Cognitive joy tooling #2: textual topography

Profiling a text's characteristics using embeddings and plots

Index

  1. Introduction
  2. Textual Topography
  3. Examples and Evaluation
  4. Characteristics’ representative embedding design
  5. Evolution

Introduction

I was watching Amelia Wattenberger’s “Climbing the Ladder of Abstraction” 1, in which she talks about how the levels of abstraction serve different purposes. Once we can’t deal with the cognitive load of having all the information displayed in all abstraction levels at once, making it easy to navigate to its different layers can augment us to solve various tasks. She talks about how AI eases this movement.

At some point, she shows Kurt Vonnegut’s “Shapes of Stories” and a plot representing it, using “mood” in the vertical axis and time in the horizontal axis to represent how a story’s mood varies. She even suggests one could interact with the plot to change the story’s shape.
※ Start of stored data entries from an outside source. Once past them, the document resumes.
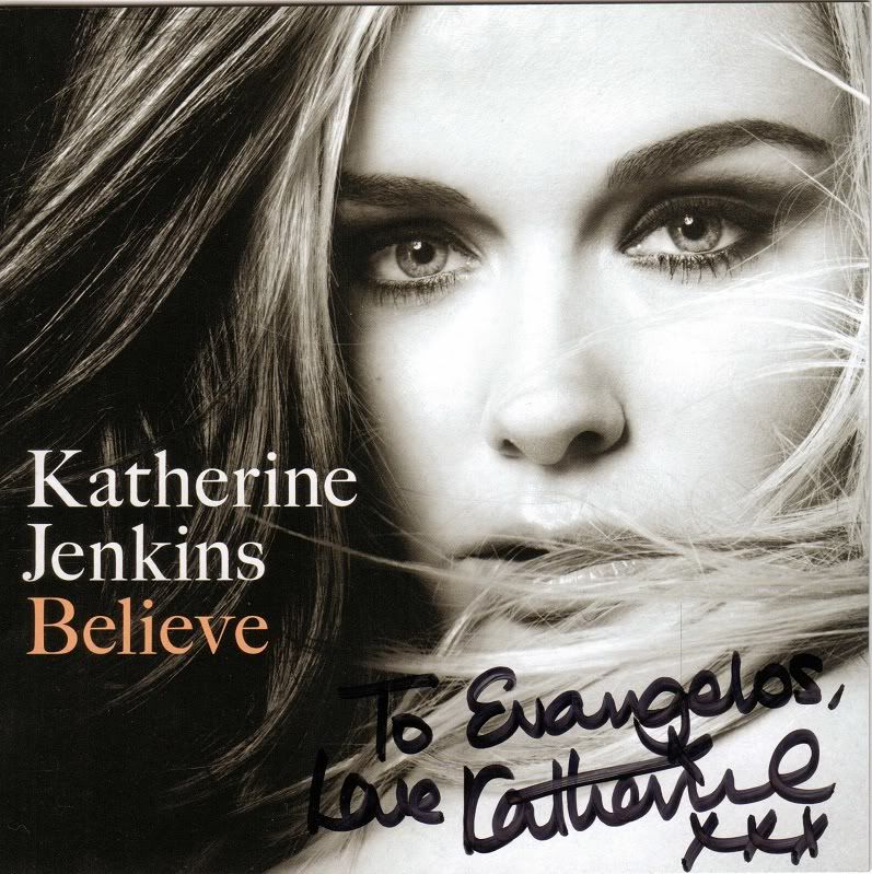 Got my CD sleeve signed and personalised by Katherine Jenkins (Welsh classical-popular crossover singer) during a signing session at HMV Westfield in London a couple of months ago.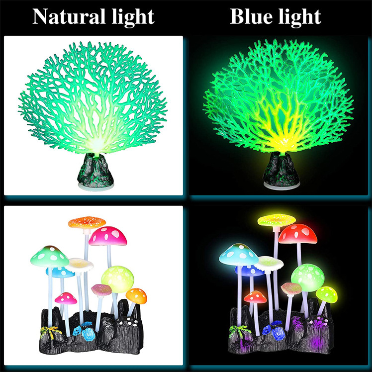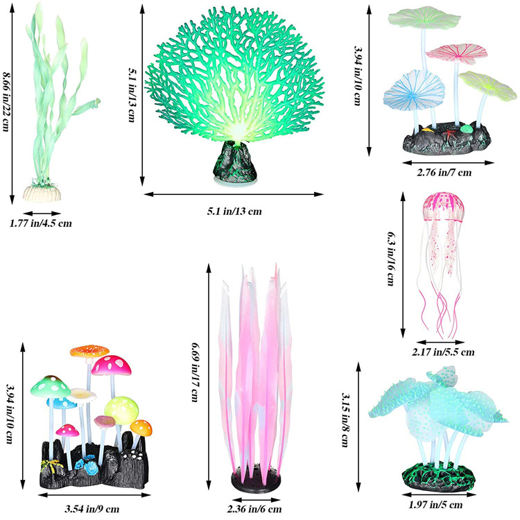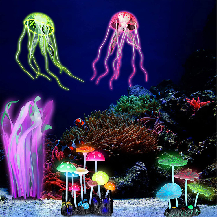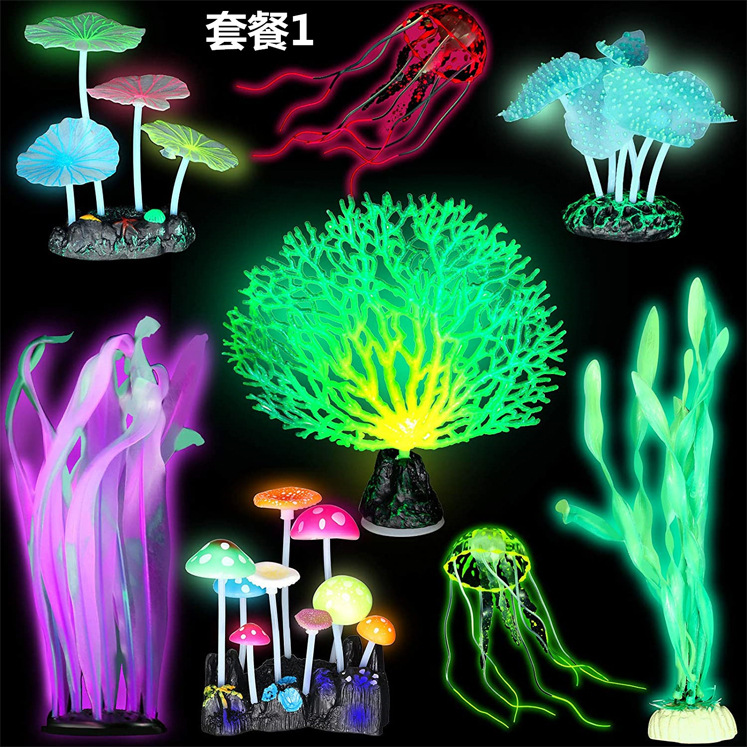 8 件发光鱼缸装饰植物,含 2 种风格的发光海藻、海莲花、仿真珊瑚、水母、莲叶、蘑菇,适合水族箱鱼缸发光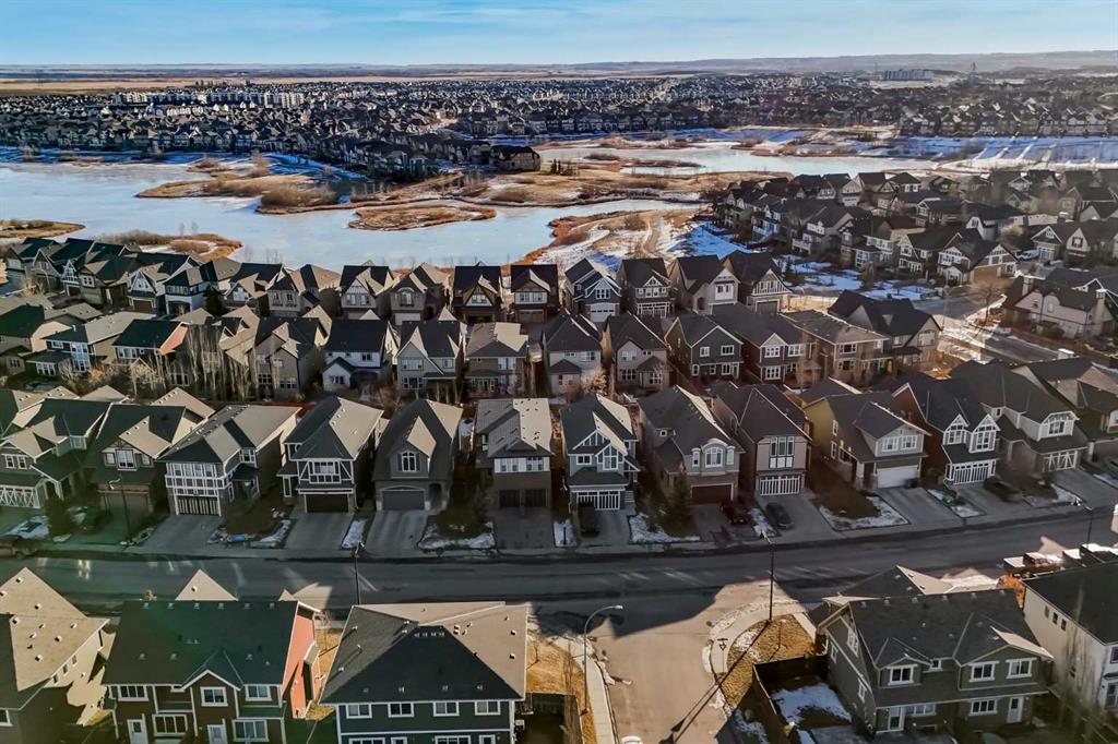 Welcome to this beautifully finished home in the highly desirable lake community of Mahogany! Located just blocks from the stunning 22-acre wetlands, schools, playgrounds and the lake—an ideal setting for families and outdoor enthusiasts. Thoughtfully upgraded throughout, the home features modern lighting, stylish countertops, and built-in fireplace. The main floor offers one of the most sought-after layouts, complete with two inviting sitting areas, a spacious dining room perfect for gatherings, and a huge kitchen island that serves as the heart of the home. Upstairs, the serene master retreat provides a peaceful escape with its walk-in closet and luxurious 5-piece ensuite, complete with soaker tub, separate shower, double vanity, and even heated floors! Two additional bedrooms, a bathroom and upstairs laundry complete the upper level, providing flexible space for family or guests. The newly finished basement (2024) enhances the home with a bright rec room/flex space, an additional bedroom, and a contemporary 3-piece bathroom—ideal for hosting visitors, hobbies, or movie nights. Outside, enjoy sunny afternoons on the oversized composite deck, perfect for entertaining or relaxing. Additional value comes from the oversized heated garage with 8' door. Full roof replacement completed in 2021 with hail-resistant shingles—an upgrade that offers peace of mind. With its thoughtful upgrades, functional layout, and exceptional location near natural amenities and community conveniences, this home presents an outstanding opportunity in one of Calgary’s most sought-after neighborhoods. Call your favorite realtor, and come see this wonderful family home today!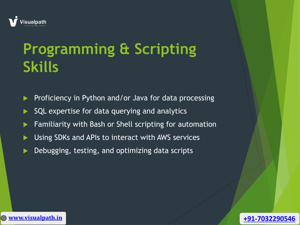 5. Programming & Scripting Skills • Proficiency in Python and/or Java for data processing • SQL expertise for data querying and analytics • Familiarity with Bash or Shell scripting for automation • Using SDKs and APIs to interact with AWS services • Debugging, testing, and optimizing data scripts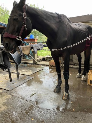 10月にしては蒸し暑っぽい感じだった今週末も埼玉県下の馬場で愛馬オランダの幼稚なおじさんクリトンに騎乗。人間もやっと衣更えの時期を迎えたように馬たちも換毛期に突入し、徐々に黒っぽくなってブラッシングしたら綿毛ぼこりが舞うクリトンは、A子先生の下乗りで絶好調を示していて、久々にMamiさんにも乗って戴いたらサクサク速歩していたものの、ワタシが騎乗した段階では少し疲れが出たのか稍重な感じだったので、ほんの少し前寄りに騎乗して脚を使いムチを当てたら頑張ってスピードを出してくれたのだけれど、最後に径路走行をしていたら、馬場砂の偏りで深い穴みたいになっている場所に足を取られて左前肢がガクッとし、その後は跛行まで行かないものの軽い捻挫をしたらしく、下馬後に触診したら明らかに熱感があったので久々にレグソーカーして脚を冷やした上で泥パックして厩舎に戻した次第。そんなわけで2鞍目の単独騎乗では、痛みはほとんどなさそうだったが、用心のため常歩に終始して来週の騎乗に備えることに。いやはや好事魔多しとはこのことかと思われるような今週のクリトンでした(-.-;)y-゜゜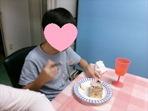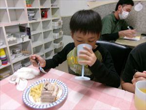 Hくんのご希望のチョコレートケーキとオレンジジュース、オマケのフライドポテトでお祝いします㊗㊗㊗

Kurt Vonnegut’s 'Shape of Stories' illustrates how narratives follow universal emotional arcs, from tragedy to triumph. Source: Amelia Wattenberger's Climbing the ladder of abstraction.

I’ve been inspired and decided to play with text’s shapes as “textual topography”. For example, here’s the topography for A relevance revolution for knowledge workers with respect to optimism.

I use a moving average to smooth the topography. The individual points are still interpretable. If you hover the mouse in the valleys and peaks, the phrases contain an optimistic/pessimistic mood.

The complete code is available, and I will comment on specific parts.

Textual Topography

I’m using the generic name of Textual Topography since I’m splitting it into domain, characteristic, and anti-characteristic, so it can adapt to different tasks. A domain is a relevant dimension for textual analysis: mood, style, and tone. A characteristic is a specific value inside these domains, and an anti-characteristic to contrast it, making the landscape more distinguishable. For example:

To estimate the intensity of the characteristic, I’ve found inspiration in another Amelia Wattenberger’s work 2. I generate a reference embedding for the characteristic and for the anti-characteristic. I either use a fixed prompt or an excerpt from the input text to set the theme for the LLM and request it to write sentences “which the {domain} is extremely {characteristic}”, then I average the embeddings of these sentences and use them as the reference.

A minimal version of the plot that I use in my Emacs feature along with a link to the interactive HTML version from Plotly so I can explore the sentences over the topography.

I break the input text into sentences that become embeddings, too. I compare the sentence embeddings to the reference embedding and normalize by the difference between the reference embedding from the characteristic and the one from the anti-characteristic. Finally, I use a moving average to smooth the topography.

Examples and Evaluation

To evaluate if the approach makes sense and the topography represents reasonably the content, I generated four synthetic examples. The two stories are intended to have a particular shape for the happy mood. One is a half happy and half unhappy story excerpt. The other has a happy-unhappy-happy-unhappy pattern. The other two are an essay on AI and the introduction of a scientific article about evolution, both intended to test optimistic mood.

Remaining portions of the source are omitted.